Choosing the wrong model can severely impact all aspects of business—from finance, strategy and legal to even your workforce. Risks can range from biases originating from the training data or algorithms of a specific model, to a faulty outcome from an upstream model that could snowball into a major issue, potentially leading to lawsuits and reputational damage.

An evaluation framework will help you consider the diverse needs and skill sets of all kinds of AI decision makers and users in your organization. The end users of AI models could range from data scientists and machine learning engineers to business analysts, legal and compliance teams, and decision-makers. It’s important to take all of their specific requirements into account so you can identify the right model for each use case and successfully implement AI to drive ROI.

02 AI model selection framework

This five-step cyclical process for model selection has governance at its core.

Clearly articulate your use case Text generation, for example. Let's say you want the AI to write personalized emails for a sales or marketing campaign.
List all model options and identify each model’s size, performance and risks Let's compare two models designed for text generation for this example: A 70B general purpose large model and a 13B specialized general purpose model.
Evaluate model size, performance and risks One of the downsides of the 70B general- purpose model is its slower speed; however it is highly accurate. The 13B specialized model is faster than the 70B general-purpose model, but accuracy goes down since it’s trained on a smaller data set. Risk is also a huge consideration at this phase for either model.
Test options Select the model that’s likely to deliver the desired output. Prompt to see if it works. Assess model performance and the quality of the output using metrics such as perplexity or BLEU score. Try to achieve the same performance with smaller models using techniques such as prompt engineering and model tuning and refine your selection to optimize for cost and your deployment requirements. Add your datasets to the stack and prompt the models to improve accuracy.
Choose the option that provides most value Whether you need high speed or high accuracy depends on the use case, your cost constraints and deployment methods. In the end you might select The 13B specialized model because the most important aspect is generating text quickly.

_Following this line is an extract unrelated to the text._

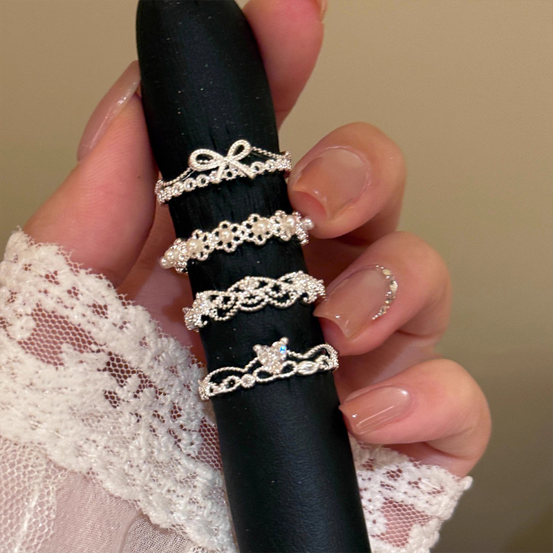Korean Aesthetics~Lace Heart Ring Women's Niche Design Accessible Luxury High-End Index Finger Ring 2025 New Ring

In the following chapters, we’ll examine in detail the key considerations for selecting an AI model: Use case, size, performance, risk, cost, and deployment needs.

03. Identify a clear use case

When assessing AI models, one of the key evaluation criteria is how well the model’s functionalities intersect with your use case requirements.

The easiest way to identify the right model for your use case is to craft the prompt and ideal answer, and then work backwards from there to find the data needed to provide the desired answer.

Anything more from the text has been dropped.